┌──
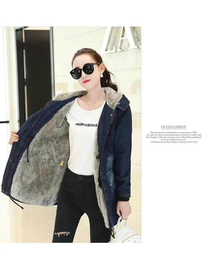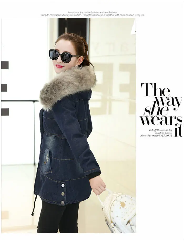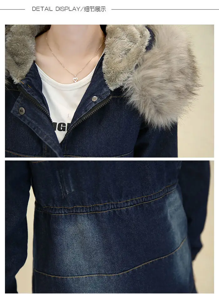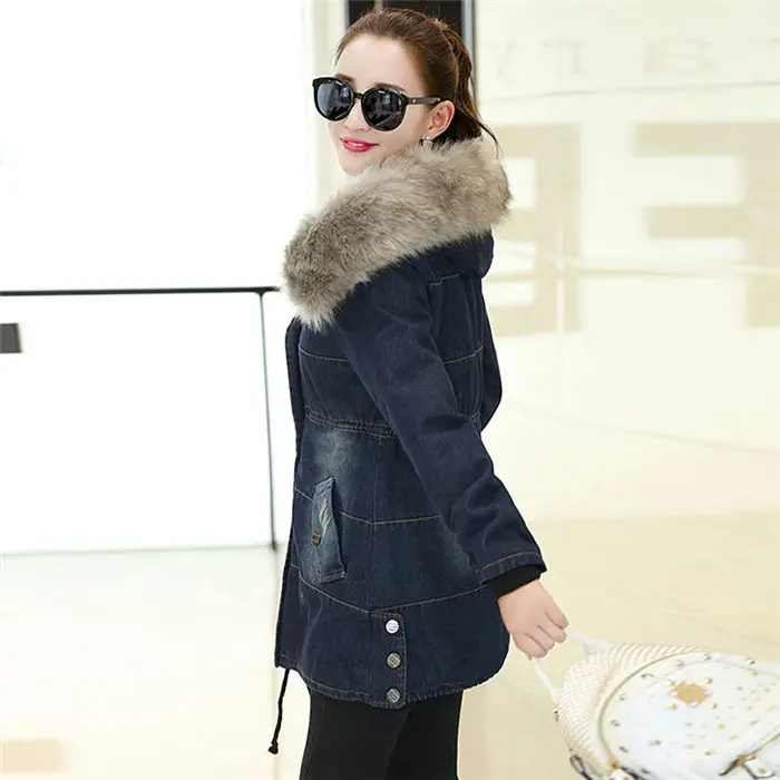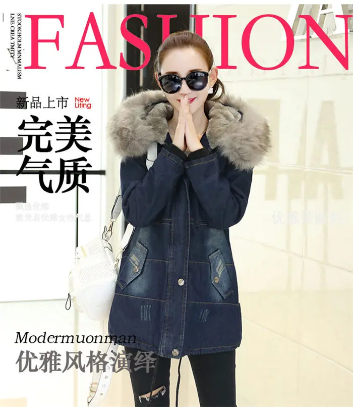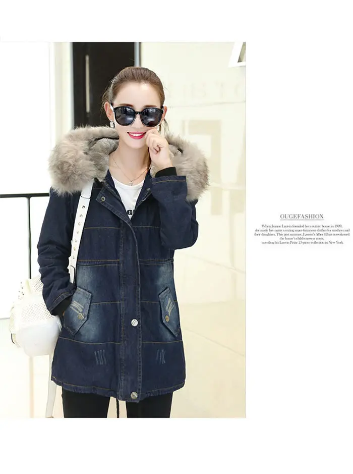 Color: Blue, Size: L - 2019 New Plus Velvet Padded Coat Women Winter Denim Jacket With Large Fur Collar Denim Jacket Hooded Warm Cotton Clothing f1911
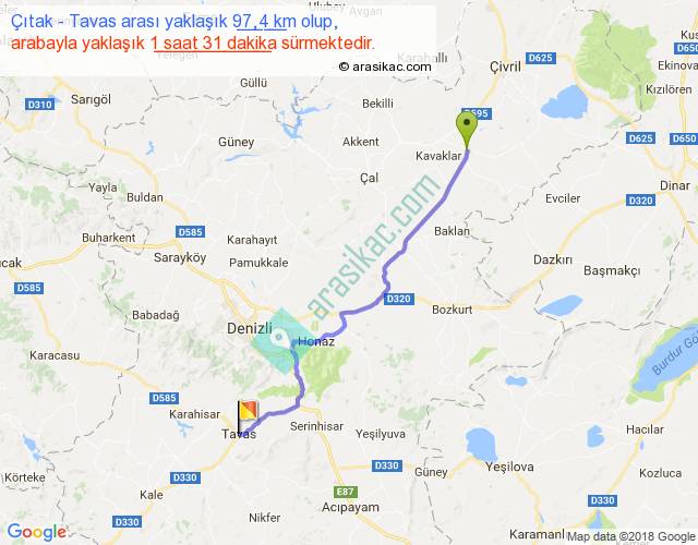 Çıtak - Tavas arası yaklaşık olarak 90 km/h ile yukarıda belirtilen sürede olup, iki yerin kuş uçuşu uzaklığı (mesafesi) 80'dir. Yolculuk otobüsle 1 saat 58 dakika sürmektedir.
└──
┌──
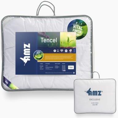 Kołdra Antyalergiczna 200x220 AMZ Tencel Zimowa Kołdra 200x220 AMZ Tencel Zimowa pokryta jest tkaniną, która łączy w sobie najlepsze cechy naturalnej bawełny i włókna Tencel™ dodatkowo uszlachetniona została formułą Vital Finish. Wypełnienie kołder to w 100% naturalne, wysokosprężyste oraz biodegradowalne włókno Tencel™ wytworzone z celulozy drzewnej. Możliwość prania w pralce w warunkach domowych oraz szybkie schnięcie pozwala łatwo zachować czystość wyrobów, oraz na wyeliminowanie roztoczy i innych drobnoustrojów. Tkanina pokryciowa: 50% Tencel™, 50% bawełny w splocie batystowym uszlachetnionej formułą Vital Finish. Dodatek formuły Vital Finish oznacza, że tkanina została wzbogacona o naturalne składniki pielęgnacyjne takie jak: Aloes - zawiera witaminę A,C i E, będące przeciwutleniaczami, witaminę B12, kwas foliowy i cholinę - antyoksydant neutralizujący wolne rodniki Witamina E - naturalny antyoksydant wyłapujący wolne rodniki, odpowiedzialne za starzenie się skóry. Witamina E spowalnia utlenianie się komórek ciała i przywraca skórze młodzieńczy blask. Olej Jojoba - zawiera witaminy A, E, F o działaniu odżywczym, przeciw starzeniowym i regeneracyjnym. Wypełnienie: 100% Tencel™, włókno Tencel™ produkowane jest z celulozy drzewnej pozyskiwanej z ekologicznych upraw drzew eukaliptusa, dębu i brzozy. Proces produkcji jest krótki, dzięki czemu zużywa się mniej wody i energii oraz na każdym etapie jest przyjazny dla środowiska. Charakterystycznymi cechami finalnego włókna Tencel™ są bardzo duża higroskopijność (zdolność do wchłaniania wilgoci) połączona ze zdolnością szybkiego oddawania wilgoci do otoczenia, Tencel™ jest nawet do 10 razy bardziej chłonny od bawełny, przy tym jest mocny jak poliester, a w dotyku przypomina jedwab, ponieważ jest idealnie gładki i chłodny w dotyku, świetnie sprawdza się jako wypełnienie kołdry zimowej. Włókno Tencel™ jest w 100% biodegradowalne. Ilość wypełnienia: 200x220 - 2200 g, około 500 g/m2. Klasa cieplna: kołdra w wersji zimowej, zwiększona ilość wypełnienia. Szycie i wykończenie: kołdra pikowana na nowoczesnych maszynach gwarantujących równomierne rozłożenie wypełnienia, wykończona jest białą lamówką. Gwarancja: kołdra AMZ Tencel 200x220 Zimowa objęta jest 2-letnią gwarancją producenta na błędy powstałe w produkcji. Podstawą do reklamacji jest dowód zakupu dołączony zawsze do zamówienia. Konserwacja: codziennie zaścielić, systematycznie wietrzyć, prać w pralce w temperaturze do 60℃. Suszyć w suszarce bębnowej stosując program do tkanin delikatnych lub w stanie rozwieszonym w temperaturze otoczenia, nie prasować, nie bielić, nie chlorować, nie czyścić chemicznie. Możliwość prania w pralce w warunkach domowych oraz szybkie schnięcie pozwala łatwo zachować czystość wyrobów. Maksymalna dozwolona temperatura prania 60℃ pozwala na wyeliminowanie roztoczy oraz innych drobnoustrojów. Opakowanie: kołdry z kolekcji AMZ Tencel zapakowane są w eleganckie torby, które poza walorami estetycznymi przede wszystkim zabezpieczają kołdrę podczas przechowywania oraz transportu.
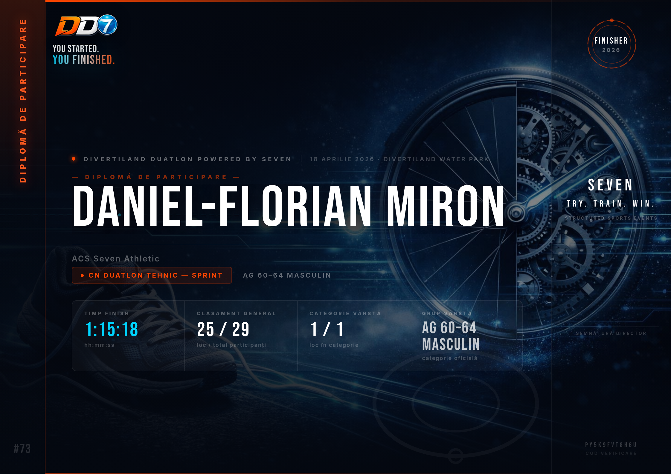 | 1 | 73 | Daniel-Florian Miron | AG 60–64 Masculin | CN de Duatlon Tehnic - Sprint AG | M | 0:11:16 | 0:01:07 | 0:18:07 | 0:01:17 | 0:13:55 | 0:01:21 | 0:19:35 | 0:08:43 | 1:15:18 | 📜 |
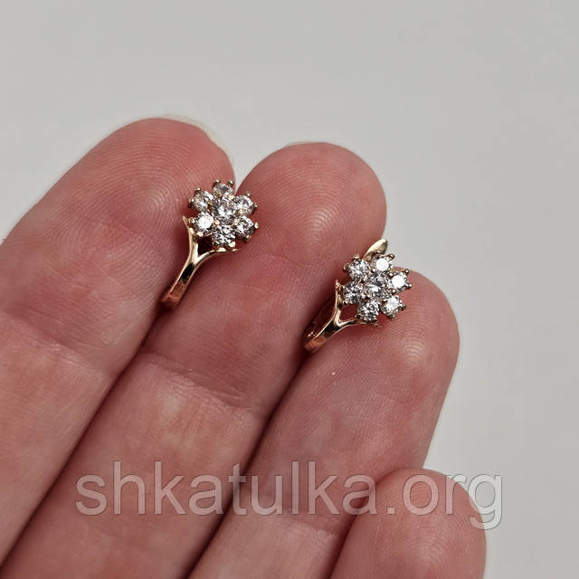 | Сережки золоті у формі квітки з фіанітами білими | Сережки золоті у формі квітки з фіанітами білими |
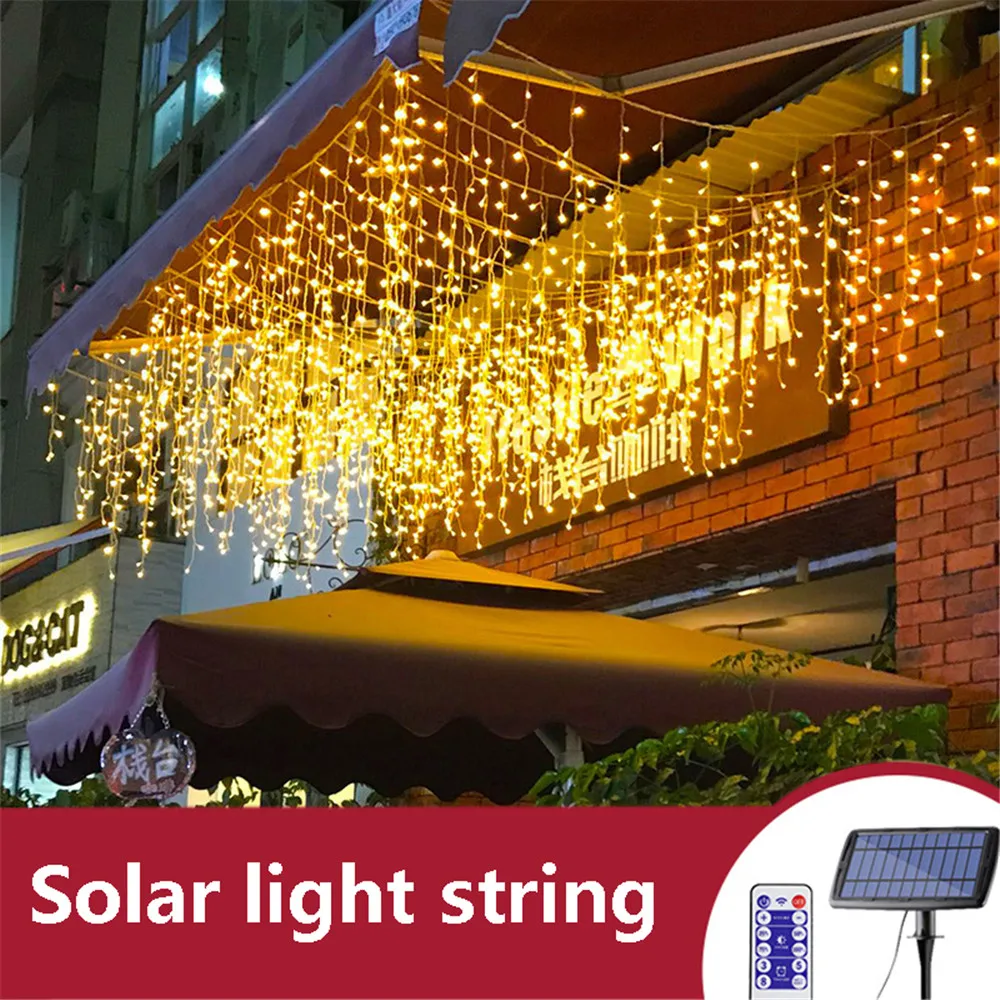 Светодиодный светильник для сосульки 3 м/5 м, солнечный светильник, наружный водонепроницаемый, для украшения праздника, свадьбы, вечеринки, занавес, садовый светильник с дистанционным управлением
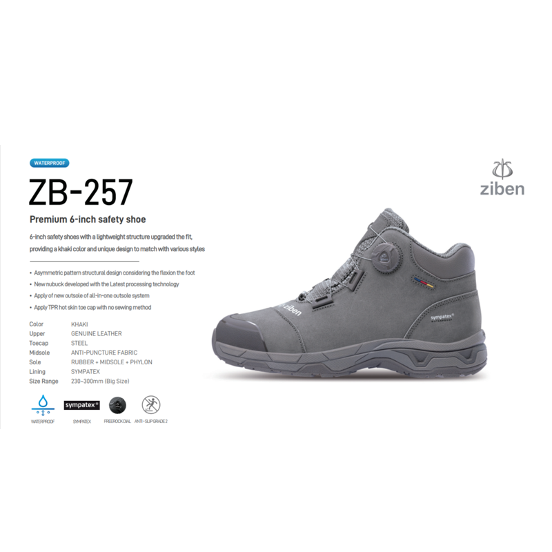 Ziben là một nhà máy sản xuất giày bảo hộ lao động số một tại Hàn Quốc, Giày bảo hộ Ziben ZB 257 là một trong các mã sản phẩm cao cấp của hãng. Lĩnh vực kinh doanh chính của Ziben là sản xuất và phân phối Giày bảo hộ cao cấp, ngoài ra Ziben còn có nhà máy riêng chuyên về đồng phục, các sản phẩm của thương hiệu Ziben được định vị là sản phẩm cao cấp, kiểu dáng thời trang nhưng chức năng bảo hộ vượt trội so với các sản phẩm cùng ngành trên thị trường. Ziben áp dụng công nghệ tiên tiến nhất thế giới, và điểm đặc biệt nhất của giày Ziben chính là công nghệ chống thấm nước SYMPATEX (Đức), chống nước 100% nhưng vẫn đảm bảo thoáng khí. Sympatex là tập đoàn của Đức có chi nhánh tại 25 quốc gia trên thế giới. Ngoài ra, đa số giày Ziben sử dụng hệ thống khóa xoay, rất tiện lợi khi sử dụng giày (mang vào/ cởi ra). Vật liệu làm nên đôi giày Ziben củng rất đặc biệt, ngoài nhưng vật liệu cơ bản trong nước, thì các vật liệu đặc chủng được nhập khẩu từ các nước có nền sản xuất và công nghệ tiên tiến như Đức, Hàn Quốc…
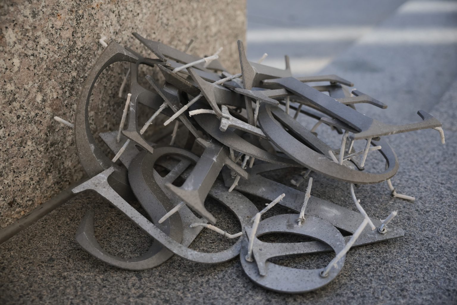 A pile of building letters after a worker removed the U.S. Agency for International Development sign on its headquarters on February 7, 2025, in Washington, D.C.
└──
┌──
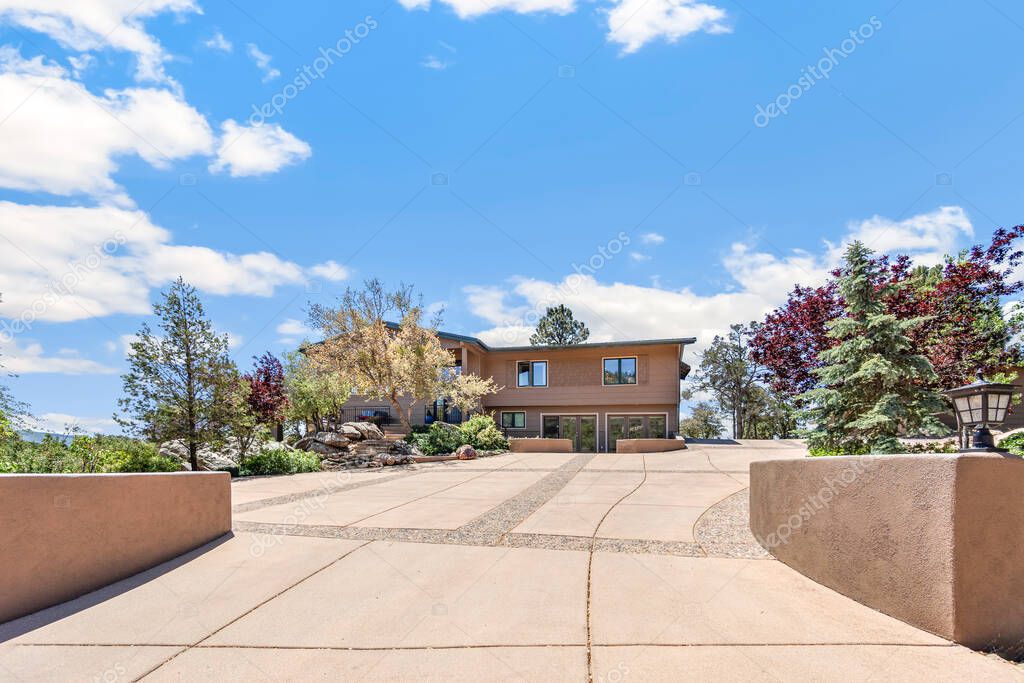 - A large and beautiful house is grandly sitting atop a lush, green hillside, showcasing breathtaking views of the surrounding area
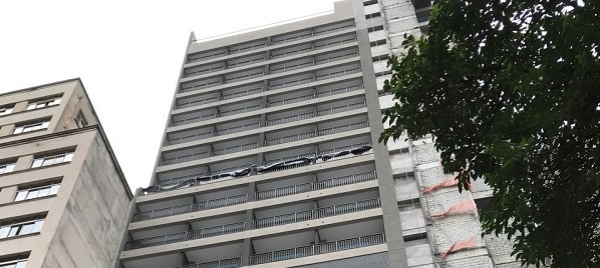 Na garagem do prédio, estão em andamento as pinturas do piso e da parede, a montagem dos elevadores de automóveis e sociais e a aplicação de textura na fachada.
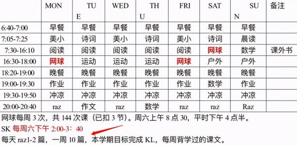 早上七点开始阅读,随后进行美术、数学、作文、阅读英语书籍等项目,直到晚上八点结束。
└──
* **The problem**: In the listing above, find the line containing "1:15:18 | 📜 |" and the line containing "Ziben là một", then output those two lines and everything between them exactly as written, without the images.

* **Your response**:
 | 1 | 73 | Daniel-Florian Miron | AG 60–64 Masculin | CN de Duatlon Tehnic - Sprint AG | M | 0:11:16 | 0:01:07 | 0:18:07 | 0:01:17 | 0:13:55 | 0:01:21 | 0:19:35 | 0:08:43 | 1:15:18 | 📜 |
 | Сережки золоті у формі квітки з фіанітами білими | Сережки золоті у формі квітки з фіанітами білими |
 Светодиодный светильник для сосульки 3 м/5 м, солнечный светильник, наружный водонепроницаемый, для украшения праздника, свадьбы, вечеринки, занавес, садовый светильник с дистанционным управлением
 Ziben là một nhà máy sản xuất giày bảo hộ lao động số một tại Hàn Quốc, Giày bảo hộ Ziben ZB 257 là một trong các mã sản phẩm cao cấp của hãng. Lĩnh vực kinh doanh chính của Ziben là sản xuất và phân phối Giày bảo hộ cao cấp, ngoài ra Ziben còn có nhà máy riêng chuyên về đồng phục, các sản phẩm của thương hiệu Ziben được định vị là sản phẩm cao cấp, kiểu dáng thời trang nhưng chức năng bảo hộ vượt trội so với các sản phẩm cùng ngành trên thị trường. Ziben áp dụng công nghệ tiên tiến nhất thế giới, và điểm đặc biệt nhất của giày Ziben chính là công nghệ chống thấm nước SYMPATEX (Đức), chống nước 100% nhưng vẫn đảm bảo thoáng khí. Sympatex là tập đoàn của Đức có chi nhánh tại 25 quốc gia trên thế giới. Ngoài ra, đa số giày Ziben sử dụng hệ thống khóa xoay, rất tiện lợi khi sử dụng giày (mang vào/ cởi ra). Vật liệu làm nên đôi giày Ziben củng rất đặc biệt, ngoài nhưng vật liệu cơ bản trong nước, thì các vật liệu đặc chủng được nhập khẩu từ các nước có nền sản xuất và công nghệ tiên tiến như Đức, Hàn Quốc…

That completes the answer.